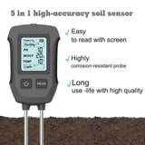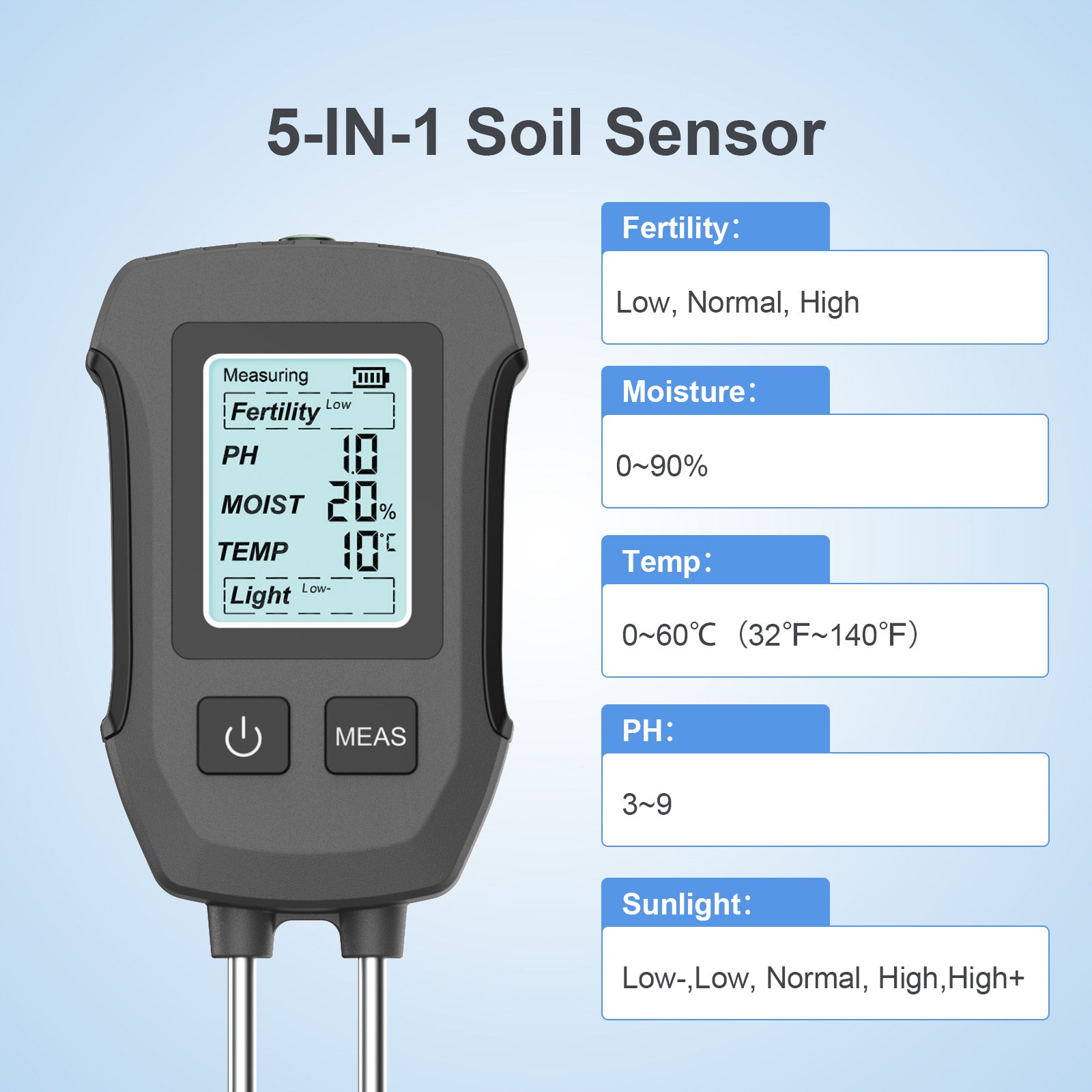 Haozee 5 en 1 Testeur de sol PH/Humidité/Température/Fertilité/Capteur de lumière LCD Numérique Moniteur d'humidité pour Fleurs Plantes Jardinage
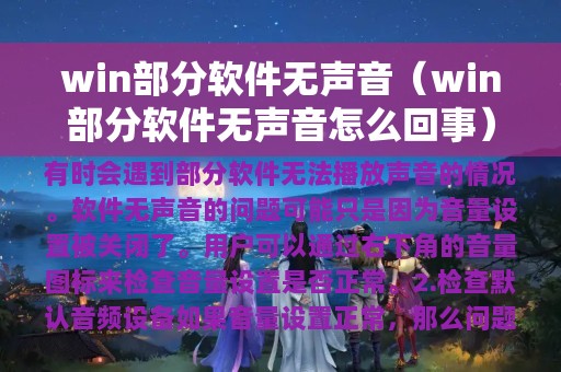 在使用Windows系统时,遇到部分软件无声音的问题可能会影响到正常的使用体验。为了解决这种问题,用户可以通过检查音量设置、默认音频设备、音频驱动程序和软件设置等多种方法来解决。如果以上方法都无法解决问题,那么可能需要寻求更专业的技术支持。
---
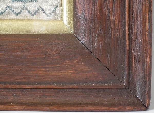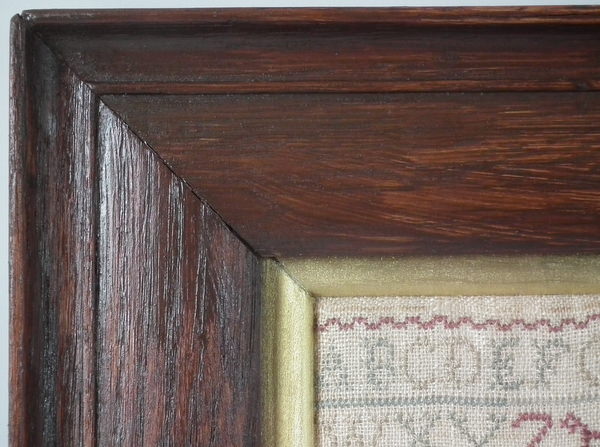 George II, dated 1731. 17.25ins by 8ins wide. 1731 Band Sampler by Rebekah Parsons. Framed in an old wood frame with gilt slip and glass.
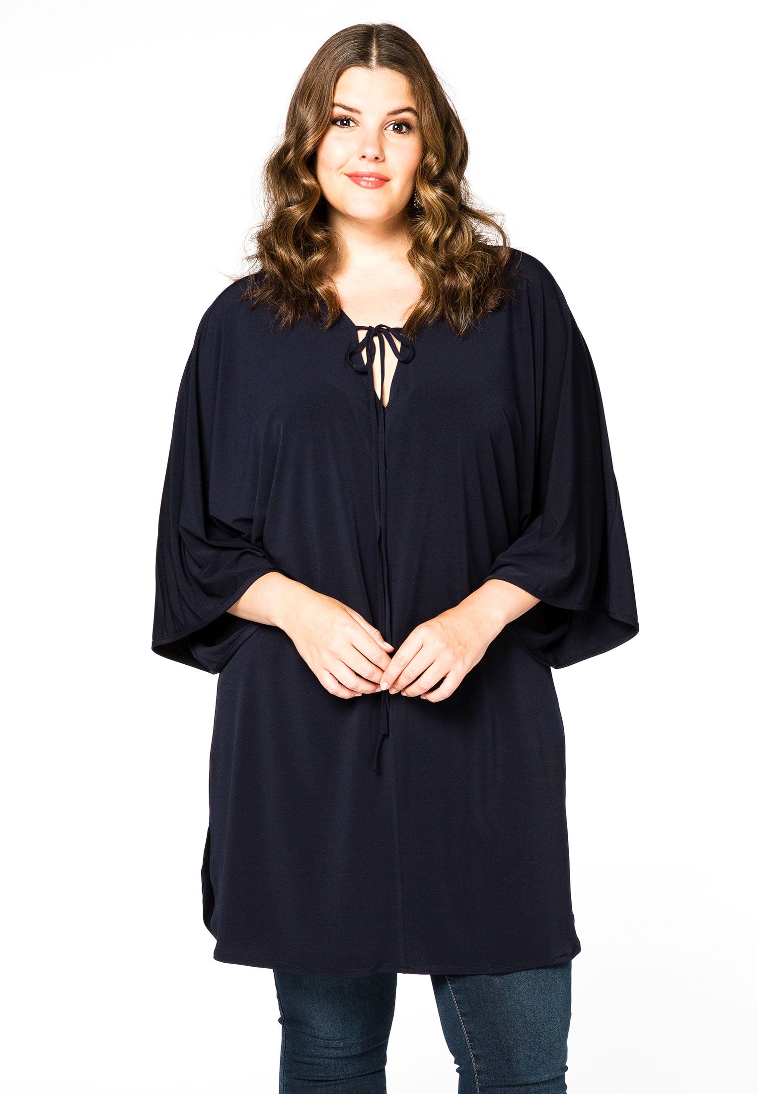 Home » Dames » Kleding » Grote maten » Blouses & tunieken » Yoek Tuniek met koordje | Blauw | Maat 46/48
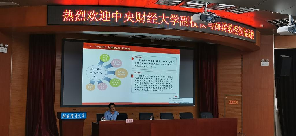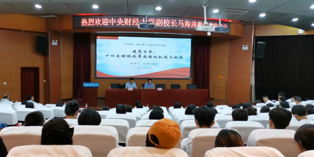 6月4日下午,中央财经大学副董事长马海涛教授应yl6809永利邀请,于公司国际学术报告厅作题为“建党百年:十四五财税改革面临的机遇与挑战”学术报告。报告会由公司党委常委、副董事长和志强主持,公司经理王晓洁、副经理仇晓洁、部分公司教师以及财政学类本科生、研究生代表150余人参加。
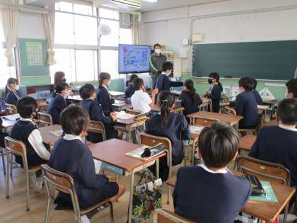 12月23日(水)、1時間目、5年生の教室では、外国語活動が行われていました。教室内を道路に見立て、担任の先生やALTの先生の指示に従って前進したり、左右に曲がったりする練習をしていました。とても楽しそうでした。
---
* The task *
Each line from the one that contains "George II, dated" down to the one that contains "12月23日(水)、1時間目" is to be returned exactly as it stands above, both ends included, with pictures removed.

* Result of the exercise *
 George II, dated 1731. 17.25ins by 8ins wide. 1731 Band Sampler by Rebekah Parsons. Framed in an old wood frame with gilt slip and glass.
 Home » Dames » Kleding » Grote maten » Blouses & tunieken » Yoek Tuniek met koordje | Blauw | Maat 46/48
 6月4日下午,中央财经大学副董事长马海涛教授应yl6809永利邀请,于公司国际学术报告厅作题为“建党百年:十四五财税改革面临的机遇与挑战”学术报告。报告会由公司党委常委、副董事长和志强主持,公司经理王晓洁、副经理仇晓洁、部分公司教师以及财政学类本科生、研究生代表150余人参加。
 12月23日(水)、1時間目、5年生の教室では、外国語活動が行われていました。教室内を道路に見立て、担任の先生やALTの先生の指示に従って前進したり、左右に曲がったりする練習をしていました。とても楽しそうでした。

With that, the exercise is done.